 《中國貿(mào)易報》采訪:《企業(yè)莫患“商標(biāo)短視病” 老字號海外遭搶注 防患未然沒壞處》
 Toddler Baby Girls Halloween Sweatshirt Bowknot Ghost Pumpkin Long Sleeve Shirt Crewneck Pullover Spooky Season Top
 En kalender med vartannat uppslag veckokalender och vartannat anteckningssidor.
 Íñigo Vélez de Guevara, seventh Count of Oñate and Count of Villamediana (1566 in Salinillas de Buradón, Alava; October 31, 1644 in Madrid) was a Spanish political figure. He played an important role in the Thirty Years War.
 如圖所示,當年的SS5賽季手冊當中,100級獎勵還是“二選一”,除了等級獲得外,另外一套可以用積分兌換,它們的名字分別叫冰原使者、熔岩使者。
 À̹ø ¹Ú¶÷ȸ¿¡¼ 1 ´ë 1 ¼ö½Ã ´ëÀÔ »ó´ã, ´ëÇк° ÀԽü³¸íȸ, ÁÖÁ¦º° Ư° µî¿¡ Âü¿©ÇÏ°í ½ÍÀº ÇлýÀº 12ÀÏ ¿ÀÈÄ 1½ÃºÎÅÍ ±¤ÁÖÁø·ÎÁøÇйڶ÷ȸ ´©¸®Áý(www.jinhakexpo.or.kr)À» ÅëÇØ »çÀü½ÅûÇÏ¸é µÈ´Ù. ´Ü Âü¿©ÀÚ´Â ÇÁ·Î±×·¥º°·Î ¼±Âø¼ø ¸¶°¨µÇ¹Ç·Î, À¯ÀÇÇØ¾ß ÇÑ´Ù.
•••••
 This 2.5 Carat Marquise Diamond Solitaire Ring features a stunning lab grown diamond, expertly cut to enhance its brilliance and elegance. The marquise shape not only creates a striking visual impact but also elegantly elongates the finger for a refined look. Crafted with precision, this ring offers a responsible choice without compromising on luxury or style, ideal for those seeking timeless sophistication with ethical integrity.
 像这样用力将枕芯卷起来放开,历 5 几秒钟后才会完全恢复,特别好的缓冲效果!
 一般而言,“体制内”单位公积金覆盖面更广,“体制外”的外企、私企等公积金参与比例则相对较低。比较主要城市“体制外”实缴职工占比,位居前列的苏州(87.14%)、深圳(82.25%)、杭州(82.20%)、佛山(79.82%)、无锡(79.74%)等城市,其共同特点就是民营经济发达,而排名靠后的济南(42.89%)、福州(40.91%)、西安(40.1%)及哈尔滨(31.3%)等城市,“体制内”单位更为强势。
•••••
With the line that has "如圖所示,當年的SS5賽季手" as the first and the line that has "À̹ø ¹Ú¶÷ȸ¿¡¼ 1" as the last, repeat exactly that run of lines above and no more.

__Response for this exercise__
 如圖所示,當年的SS5賽季手冊當中,100級獎勵還是“二選一”,除了等級獲得外,另外一套可以用積分兌換,它們的名字分別叫冰原使者、熔岩使者。
 À̹ø ¹Ú¶÷ȸ¿¡¼ 1 ´ë 1 ¼ö½Ã ´ëÀÔ »ó´ã, ´ëÇк° ÀԽü³¸íȸ, ÁÖÁ¦º° Ư° µî¿¡ Âü¿©ÇÏ°í ½ÍÀº ÇлýÀº 12ÀÏ ¿ÀÈÄ 1½ÃºÎÅÍ ±¤ÁÖÁø·ÎÁøÇйڶ÷ȸ ´©¸®Áý(www.jinhakexpo.or.kr)À» ÅëÇØ »çÀü½ÅûÇÏ¸é µÈ´Ù. ´Ü Âü¿©ÀÚ´Â ÇÁ·Î±×·¥º°·Î ¼±Âø¼ø ¸¶°¨µÇ¹Ç·Î, À¯ÀÇÇØ¾ß ÇÑ´Ù.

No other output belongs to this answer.